§ TASK BRIEF
The material below is to be copied exactly from the line with "Более сложная поделка, которая" up to and including the line with "All apartments have", with nothing else kept and no pictures.

§ EXTRACTED ENTRIES
==================================================

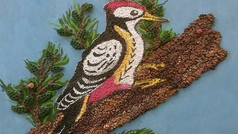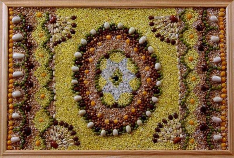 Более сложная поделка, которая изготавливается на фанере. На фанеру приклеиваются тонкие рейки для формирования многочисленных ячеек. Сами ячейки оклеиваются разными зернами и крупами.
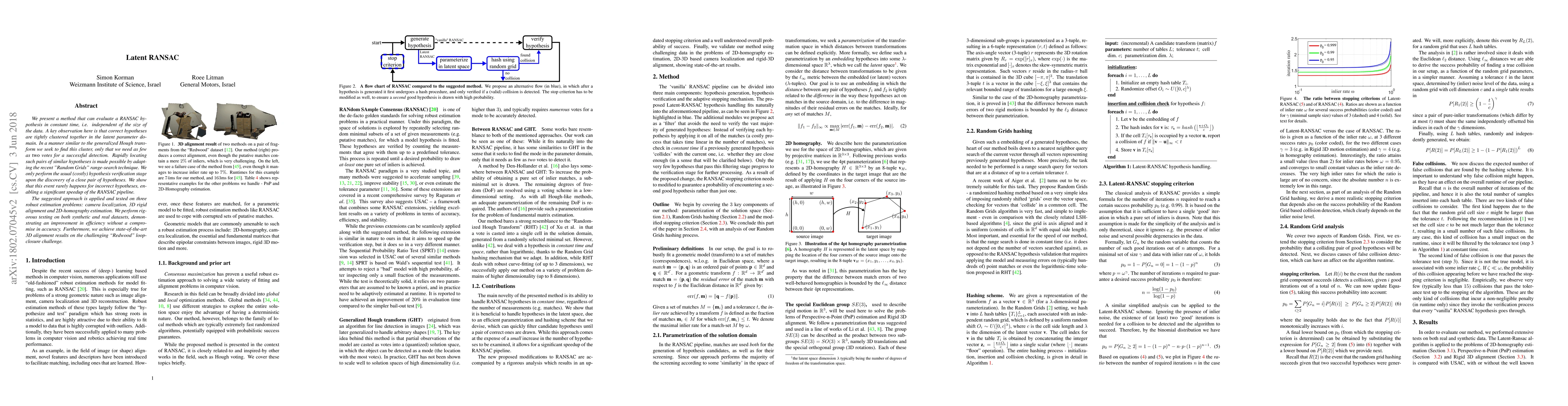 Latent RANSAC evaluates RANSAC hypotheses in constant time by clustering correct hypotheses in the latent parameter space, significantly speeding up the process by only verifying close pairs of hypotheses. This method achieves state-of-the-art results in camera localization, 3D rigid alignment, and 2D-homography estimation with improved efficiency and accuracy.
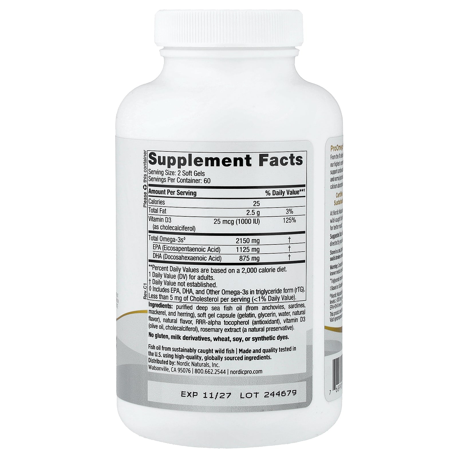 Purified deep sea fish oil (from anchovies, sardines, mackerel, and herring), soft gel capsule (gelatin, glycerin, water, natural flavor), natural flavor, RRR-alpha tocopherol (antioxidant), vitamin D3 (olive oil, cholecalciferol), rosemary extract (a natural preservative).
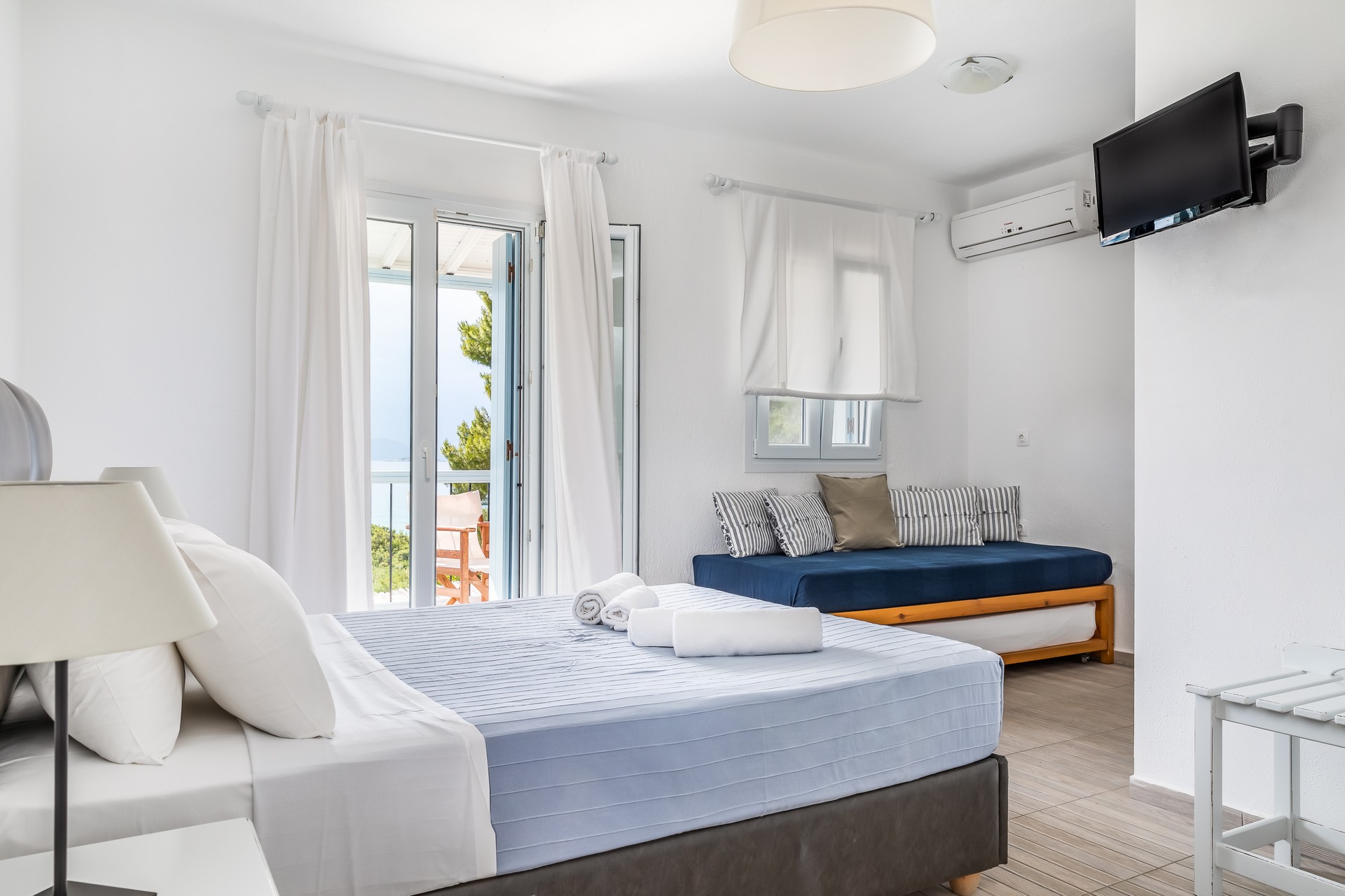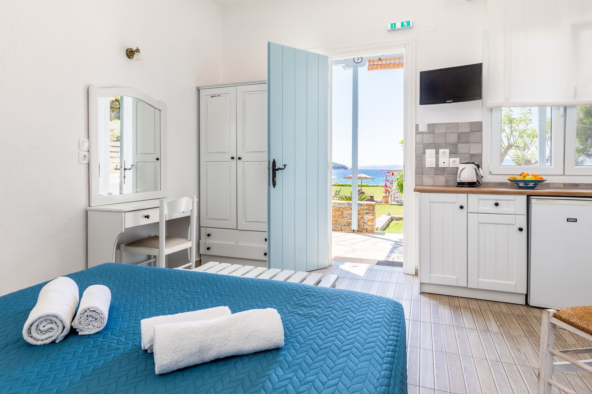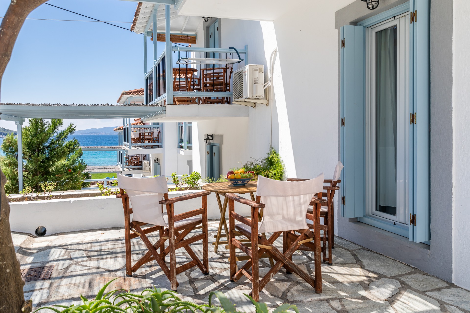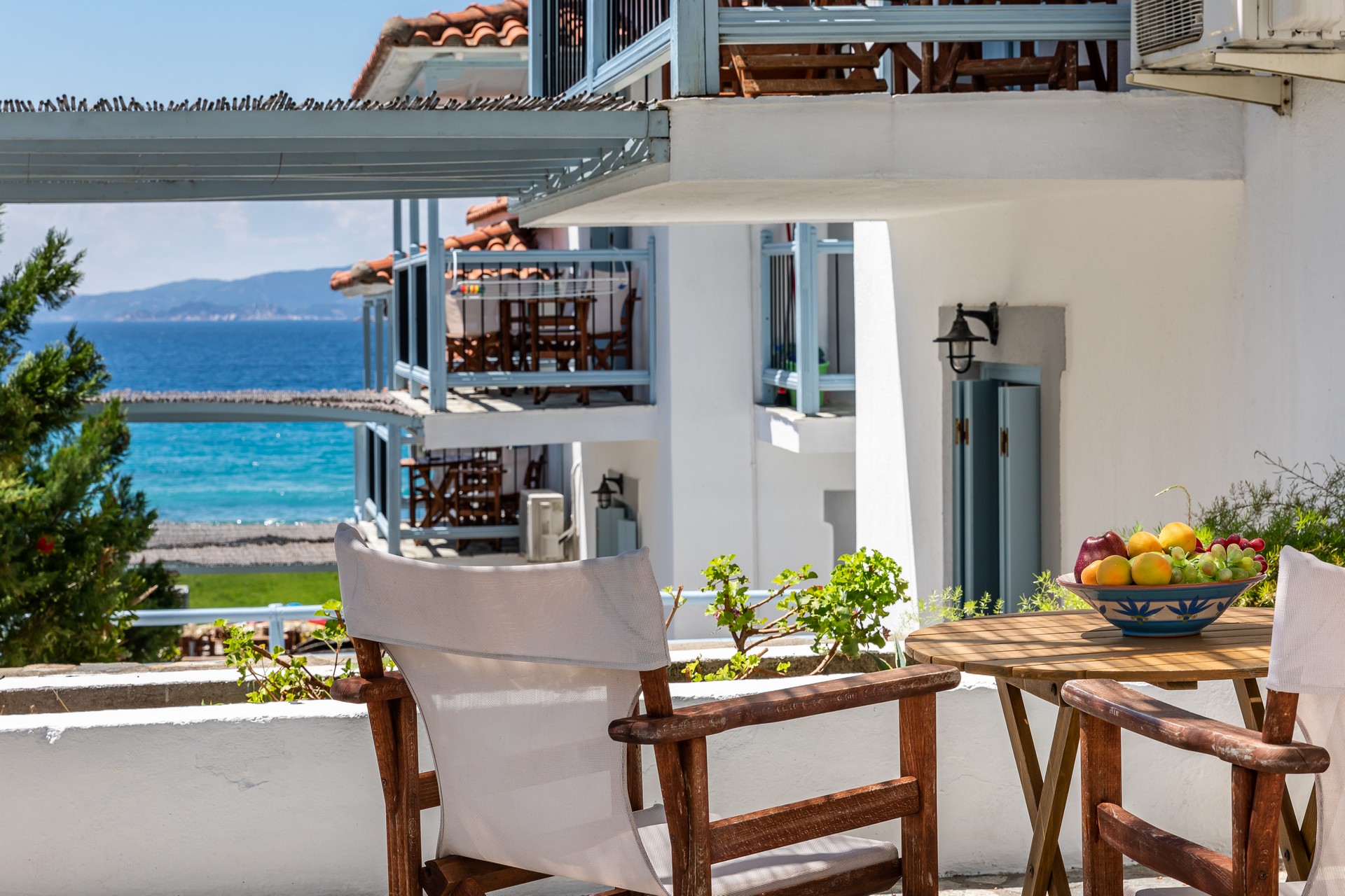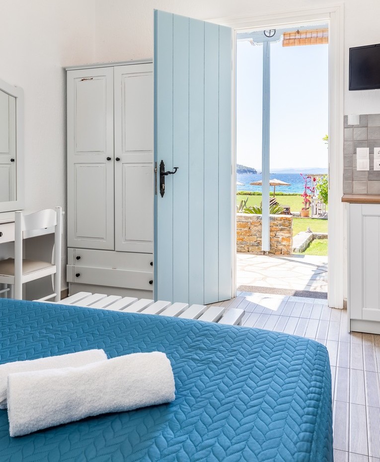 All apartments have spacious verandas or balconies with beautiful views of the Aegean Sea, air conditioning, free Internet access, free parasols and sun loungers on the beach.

==================================================

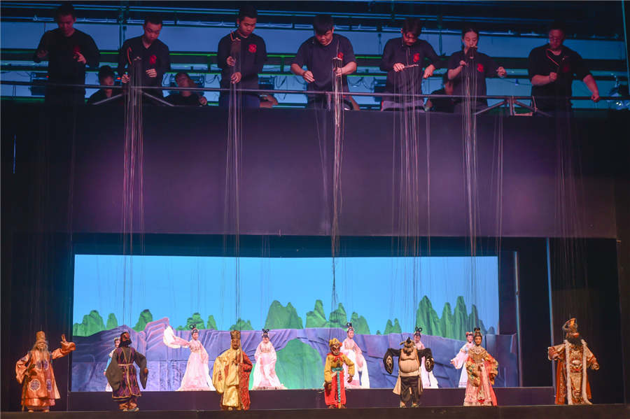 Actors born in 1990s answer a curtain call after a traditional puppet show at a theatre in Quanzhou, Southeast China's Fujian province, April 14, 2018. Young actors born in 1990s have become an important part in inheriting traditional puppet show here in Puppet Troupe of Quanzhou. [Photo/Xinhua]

==================================================

§ YOUR SOLUTION
 Более сложная поделка, которая изготавливается на фанере. На фанеру приклеиваются тонкие рейки для формирования многочисленных ячеек. Сами ячейки оклеиваются разными зернами и крупами.
 Latent RANSAC evaluates RANSAC hypotheses in constant time by clustering correct hypotheses in the latent parameter space, significantly speeding up the process by only verifying close pairs of hypotheses. This method achieves state-of-the-art results in camera localization, 3D rigid alignment, and 2D-homography estimation with improved efficiency and accuracy.
 Purified deep sea fish oil (from anchovies, sardines, mackerel, and herring), soft gel capsule (gelatin, glycerin, water, natural flavor), natural flavor, RRR-alpha tocopherol (antioxidant), vitamin D3 (olive oil, cholecalciferol), rosemary extract (a natural preservative).
 All apartments have spacious verandas or balconies with beautiful views of the Aegean Sea, air conditioning, free Internet access, free parasols and sun loungers on the beach.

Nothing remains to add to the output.